I don't know many people who would turn down a potato gratin, do you? What I love about this classic dish, other than its near universal appeal, is that it is deceptively simple to make relative to its beauty. Plus, you can probably make it with what you have in your fridge and pantry right now.
My go-to gratin is the one I learned in cooking school; it relies on garlic-infused milk instead of cream, and the potatoes are thinly sliced and added to the baking dish raw. (I find par-boiled gratins are often grainy and/or mushy, and you can't layer the potatoes into the dish in as pretty and precise a pattern if you've already cooked them.) Other than the garlic, for flavor all you add is salt, pepper, and some Gruyère cheese -- that's it. You bake the gratin in a hot oven until the potatoes are tender and the milk thickens into a sauce, and you've got a gorgeous, versatile side dish.
After having relied on my old standard for over 15 years (yikes!), I decided to shake things up a bit. With all the lovely roots and tubers appearing in the markets, why not apply the same technique to a mix of vegetables? And maybe I could even throw in some herbs and switch up the cheese while I was at it. —Merrill Stubbs
Heat the oven to 400° F. Put the milk in a small heavy saucepan and peel and smash one of the garlic cloves. Add it to the milk and then heat the milk over low heat until it just starts to bubble at the edges.
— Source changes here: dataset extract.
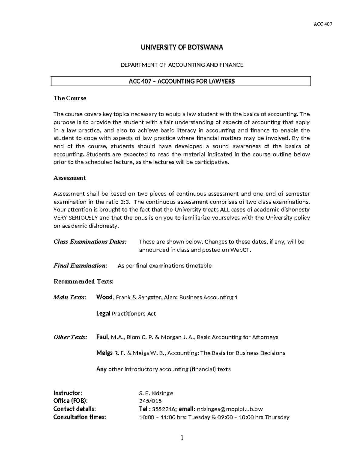ACC 407 Course Outline: Accounting for Lawyers 2015 - Studocu

Remove from the heat, add the nutmeg and let steep while you continue with the recipe.
Peel the second garlic clove, cut it in half and rub the cut side around the inside of a 6-cup baking dish no more than 2 inches deep. Rub 1 tablespoon of the oil all over the inside of the dish.
Peel the squash, potatoes and parsnips and cut them into very thin slices (1/8-inch thick). If you have a mandoline, now's the time to use it.
Layer the vegetables into the baking dish, alternating between squash, potato and parsnip, and fanning them into concentric, overlapping circles. Season generously with salt and pepper and sprinkle a third of the cheese and a third of the chopped herbs over the slices. Repeat twice, making the top layer as neat and tidy as you can.
Remove the garlic clove from the hot milk and pour the milk evenly over the vegetables. Drizzle the remaining olive oil over the top of the gratin and bake for about 50 minutes, until the top is browned and bubbly and the vegetables yield easily when you poke them with a sharp knife. If the vegetables are tender but the top isn't as brown as you'd like, turn on the broiler for a couple of minutes -- watch it carefully so it doesn't burn! Let the gratin cool for at least 5 minutes before serving.